A Guide to Non-Compete Agreements

A Guide to Non-Compete Agreements

Non Compete AgreementHenry Ford said “competition is the keen cutting edge of business.”  And there’s no doubt, our competitors keep us on our toes!  But we also often say our best asset is our team, and it certainly hurts when we lose one of our talented employees to a competitor!

That is why businesses use Non-Compete Agreements.  Check out our great guide to Non-Competes to protect your company!

How do Non-Compete Agreements work?

A Non-Compete Agreement is a contract that prevents an employee from working for a competing company for a specific period of time after leaving your employ.

The courts tend to carefully scrutinize these agreements, because they limit an individual’s ability to earn a living.  They check that the scope isn’t overly constricting in terms of geography or time.

For instance, if you state that your salesperson may not work for a competitor anywhere in the Puget Sound for the next ten years, it probably won’t be enforceable.  However, if you state that they can’t work for a competitor within 20 miles for six months, this is much more likely to be deemed reasonable by the courts.

If your employee does go to work for a competitor, your recourse will be to stop them with an injunction; therefore, it is important that your agreement bears up under a judge’s scrutiny.

How to manage Non-Compete Agreements:

It’s best to have the form signed by your employee at the time of hire.  If you have failed to have the Non-Compete signed at the time of hire, consent might be given later on in exchange for something. 

In order for it to be a legitimate agreement, both sides must be getting something of value in return.  If you require it at the time of hire, the employee is getting a job in return.  If it is requested mid-employment, it could be offered in exchange for a promotion, additional benefits, or stock options. 

  • Always allow an employee the option of having an attorney review any agreement they’re going to sign.
  • As with any legal document, you should have your own attorney review it before you put it into use.
  • Keep the Non Compete Agreement simple and understandable for your employees.
  • When your employee terminates, remind them of the agreement they’ve signed.

What if you hire someone who has a Non-Compete Agreement with a competitor?

What about the flipside?  What if you are hiring an employee away from your competitor?  Do you have to be concerned about their Non-Compete?  Absolutely!

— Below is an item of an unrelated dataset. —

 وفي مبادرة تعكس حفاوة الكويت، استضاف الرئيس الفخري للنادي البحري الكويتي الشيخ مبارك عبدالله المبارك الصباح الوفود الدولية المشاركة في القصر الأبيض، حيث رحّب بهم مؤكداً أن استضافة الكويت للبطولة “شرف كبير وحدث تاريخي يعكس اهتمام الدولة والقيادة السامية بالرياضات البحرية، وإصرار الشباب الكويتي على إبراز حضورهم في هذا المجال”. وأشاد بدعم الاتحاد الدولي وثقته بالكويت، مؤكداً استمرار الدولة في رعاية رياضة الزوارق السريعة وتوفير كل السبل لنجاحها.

Ask to see a copy of a job candidate’s Non-Compete:  If you are hiring someone who is working for a competitor, or has worked for a competitor in the recent past, ask the job applicant whether they have a Non-Compete.  If they do, ask to see a copy of it.

This will help you determine whether the restrictions in the agreement apply to your business.  If you have any doubts, run the agreement past your attorney.  Remember, your competitor can enforce the Non-Compete with an injunction, which could end up costing your company money.

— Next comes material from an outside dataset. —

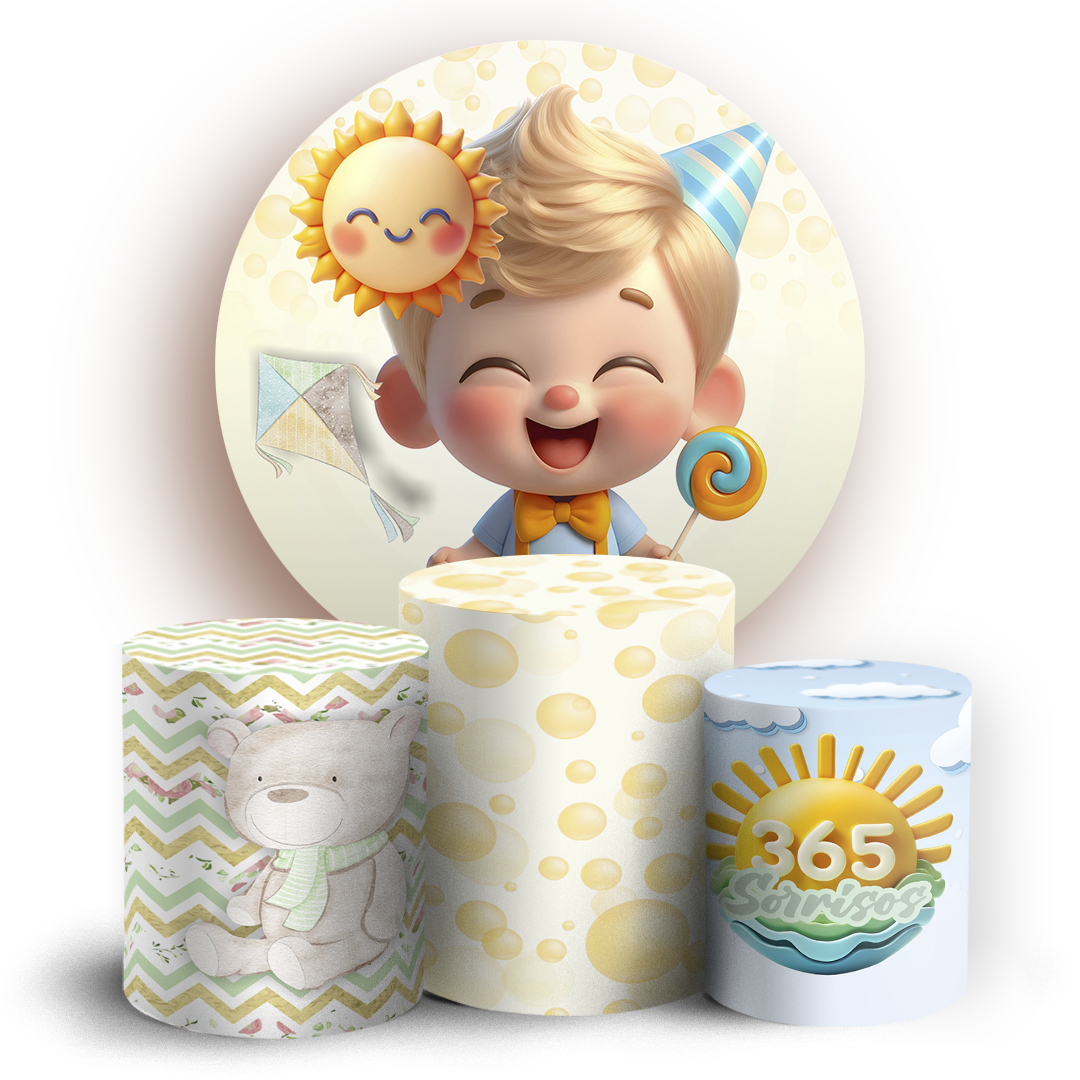 O kit Painel Redondo + Trio de capas para cilindros sublimados veste fácil, possuem acabamento overloque e elásticos nas bordas para facilitar a montagem da decoração

Check the agreement to determine what specific restrictions it contains.  Did their employer have them sign a Confidentiality Agreement that protects their trade secrets and other proprietary information?  Are they restricted from soliciting that business’s customers?

Protect yourself with the right language:  You want to ensure that your new employee, and your business, comply with the restrictions in order to stand on strong legal ground.  You can incorporate language around these restrictions into the offer letter to your new employee.

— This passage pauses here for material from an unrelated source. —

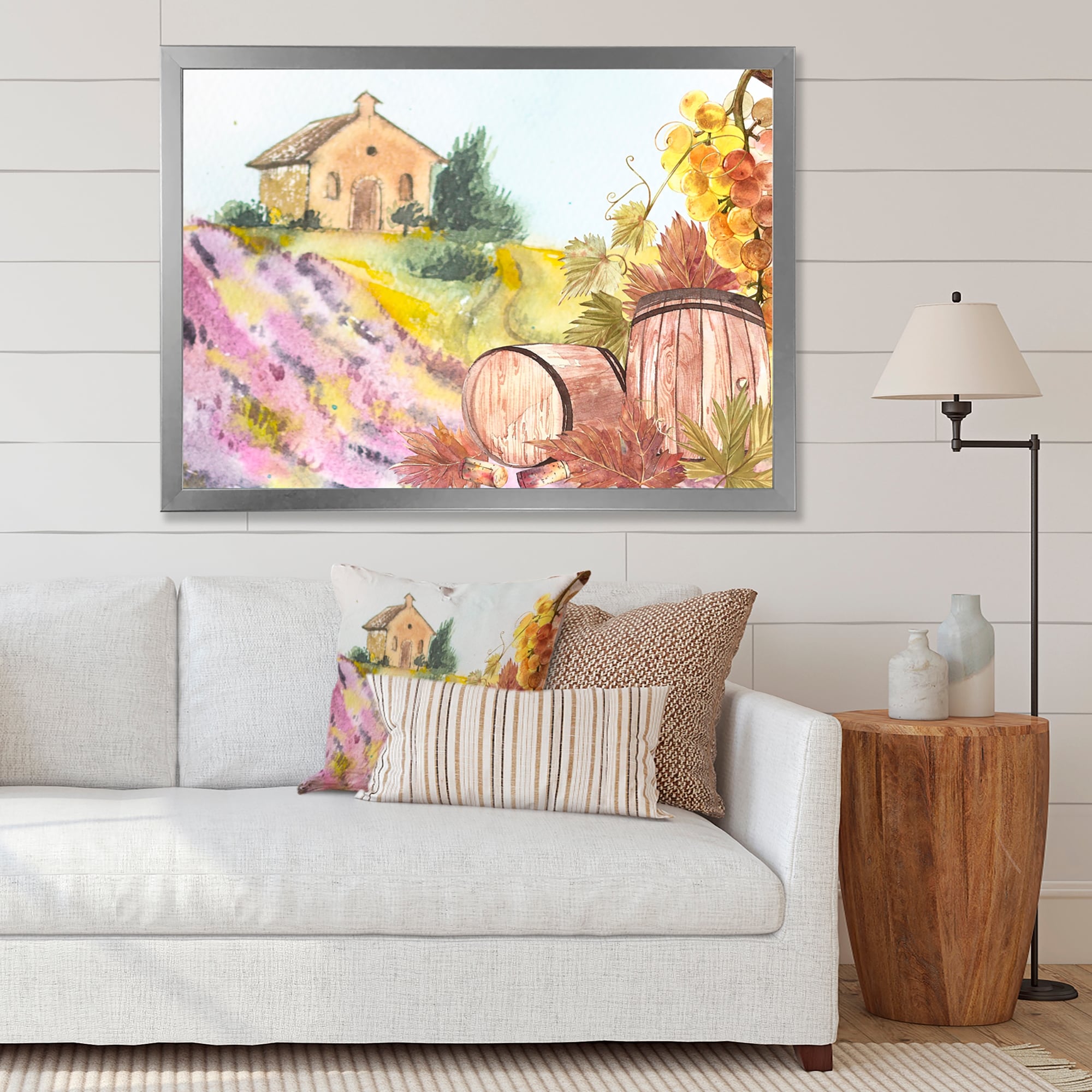 Designart "Bottles And Leaves of Grapes, A Lavender Field I" Country Framed Art Print

For example, your offer letter might state that the new hire is prohibited from bringing any of their previous employer’s trade secrets, client lists, property or confidential information with them.

Make sure you are correctly interpreting a candidate’s Non-Compete:

It’s important to keep in mind that your interpretation of a candidate’s Non-Compete Agreement might differ from your competitor’s interpretation.

Once, I was about to hire someone who had worked for a staffing company in King County, a market I didn’t serve.  She had a Non-Compete restricting her from working for a staffing company within 30 miles.

I thought there would be no conflict, as my offices in Gig Harbor and Kitsap were much further away than that.  Much to my surprise, however, the King County staffing company owner measured the distance “as the crow flies” and saw me as a competitor, threatening to enforce the Non-Compete Agreement if I hired her former employee.

Should you hire your competitor’s employees?

Poaching an employee from a competitor can sometimes be to your advantage.  An unhappy employee or one that seeks better opportunity may approach their employer’s competitor in search of greener grass.

However, while this might feel like a great opportunity to gain market share and client trade secrets, and to do a little corporate espionage, be cautious.

If you talk with this employee and they are willing to bring their employer’s confidential and proprietary information to your business, keep in mind that they will most likely be willing to take yours to someone else.  Ask yourself if this is the type of employee that will best represent you and your business in the long run.

The wrap-up:

Non-compete Agreements can certainly be a good tool to protect your business’s interests.  Run yours past your attorney before implementing it to be sure it’ll stand up in court.  With the job market improving, it’s believed that two out of three workers are seeking new jobs.

Make sure if your talent walks out the door, your clients don’t walk out with them!